Genetic, neurobiological, and environmental convergences and divergencies between autism and the spectrum of schizophrenia

Authors

  • Isabel Paula Pérez

Keywords:

Autistic spectrum, Schizophrenia spectrum, other psychotic disorders, Genetic, neurobiological and environmental risk factors

Abstract

Introduction: The autistic spectrum and the schizophrenia spectrum and other psychotic disorders concur more frequently than would be expected by chance alone. This article analyzes the evidence related to convergent and divergent risk factors at a genetic, neuroanatomical and environmental level that could explain this greater co-occurrence between both conditions.
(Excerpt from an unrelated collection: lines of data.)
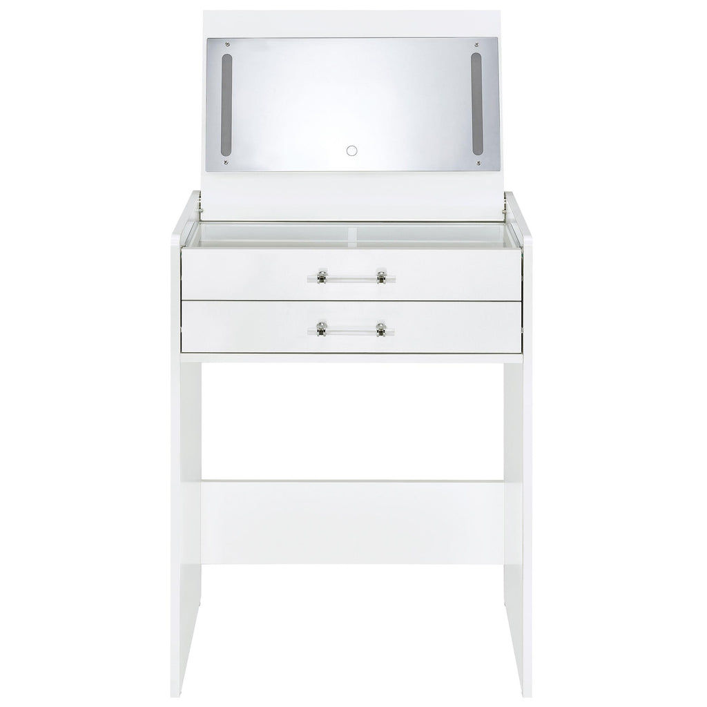 • White high gloss makeup vanity set crafted from engineered wood with eco-friendly laminate
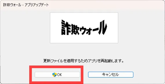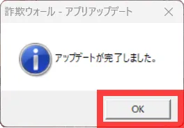 - 「アップデートが完了しました。」と表示されるので、「OK」をクリックします。
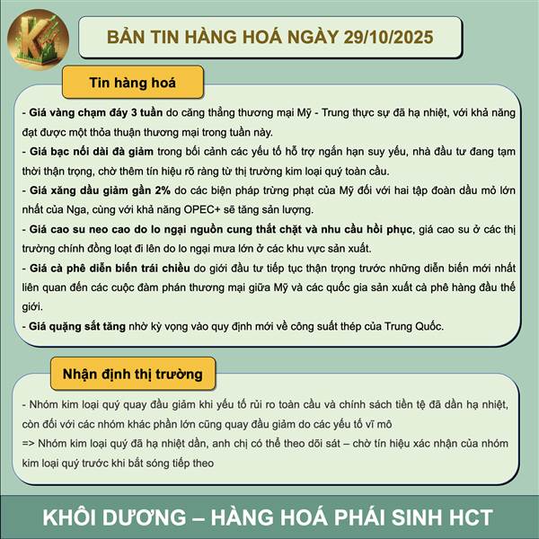 THỊ TRƯỜNG HÀNG HOÁ NGÀY 29/10/2025 - Giá vàng chạm đáy 3 tuần: căng thẳng thương mại Mỹ - Trung thực sự đã hạ nhiệt, với khả năng đạt được một thỏa thuận thương mại trong tuần này. Điều đó được đánh g...Thêm
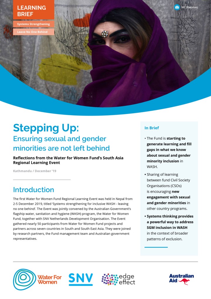 The Water for Women gender and social inclusion (GESI) framework includes sexual and gender minority (SGM) inclusion, alongside inclusion of people with disabilities and more conventional approaches to gender inclusion. This Learning Brief aims to advance the Fund’s collective learning on SGM issues and inclusion by reflecting on the discussions throughout the Systems Strengthening for Inclusive WASH learning event held in December 2019 in Nepal

Development: The high number of deletions and shared CNV duplications, including the genes NRXN1, CNTNAP2, 22q11.2, 1q21.1 and 15q13.3, mutations Shank3 and 7q11.23, among others, definitively calls into question the assumption that the spectrum of the schizophrenia and autism are 2 etiologically totally differentiated conditions. The epigenetic effects contribute to brain cytoarchitecture anomalies in both spectra related to the volume of gray matter, reduced values of fractional anisotropy, hypoactivation patterns of certain cerebral structures, alterations in brain connectivity and neurochemicals among others. Autism and the spectrum of schizophrenia and other psychotic disorders also share environmental risk factors, many of them related above all with obstetric complications and paternal age.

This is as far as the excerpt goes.